● **Dataset section**:
◆ ◆ ◆ ◆ ◆

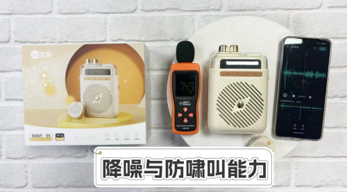 佩戴体验:S5的麦克风约20g,扩音器本体约266g,佩戴起来相对稳固。领夹设计可以固定在衣物或领口位置,移动授课或户外讲解时基本不会滑落。由于整体重量较轻,大部分用户可以长时间佩戴而不会感到明显疲劳,但如果一天连续使用时间较长,可能会略感压肩或颈部。总体来说,佩戴舒适度对日常教学来说是足够的。降噪与防啸叫能力:
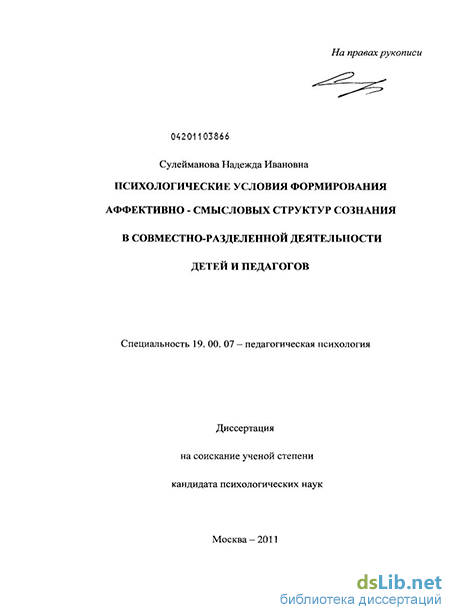 Актуальность проблемы определила тему исследования: «Психологические условия формирования аффективно-смысловых структур сознания в совместно-разделенной деятельности детей и педагогов».
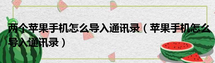 导读 大家好,今天小六子来为大家解答以下的问题,关于两个苹果手机怎么导入通讯录,苹果手机怎么导入通讯录这个很多人还不知道,现在让我们一起
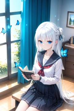 (masterpiece),(best quality),illustration,ultra detailed,hdr,Depth of field,(colorful),1girl,bug,butterfly,solo,blue butterfly,blue eyes,school uniform,skirt,long hair,window,book,sitting,sailor collar,indoors,black skirt,serafuku,neckerchief,long sleeves,red neckerchief,white shirt,shirt,white hair,looking at viewer,black sailor collar,curtains,braid,closed mouth,holding,pleated skirt,hair bun,collarbone,very long hair,wooden floor,desk,holding book,

◆ ◆ ◆ ◆ ◆

● **Your assignment**:
Starting with the line that contains "Актуальность проблемы определила" and ending with the last line of the material, every line must be written out exactly; no other lines and no pictures are wanted.

● **Task response**:
 Актуальность проблемы определила тему исследования: «Психологические условия формирования аффективно-смысловых структур сознания в совместно-разделенной деятельности детей и педагогов».
 导读 大家好,今天小六子来为大家解答以下的问题,关于两个苹果手机怎么导入通讯录,苹果手机怎么导入通讯录这个很多人还不知道,现在让我们一起
 (masterpiece),(best quality),illustration,ultra detailed,hdr,Depth of field,(colorful),1girl,bug,butterfly,solo,blue butterfly,blue eyes,school uniform,skirt,long hair,window,book,sitting,sailor collar,indoors,black skirt,serafuku,neckerchief,long sleeves,red neckerchief,white shirt,shirt,white hair,looking at viewer,black sailor collar,curtains,braid,closed mouth,holding,pleated skirt,hair bun,collarbone,very long hair,wooden floor,desk,holding book,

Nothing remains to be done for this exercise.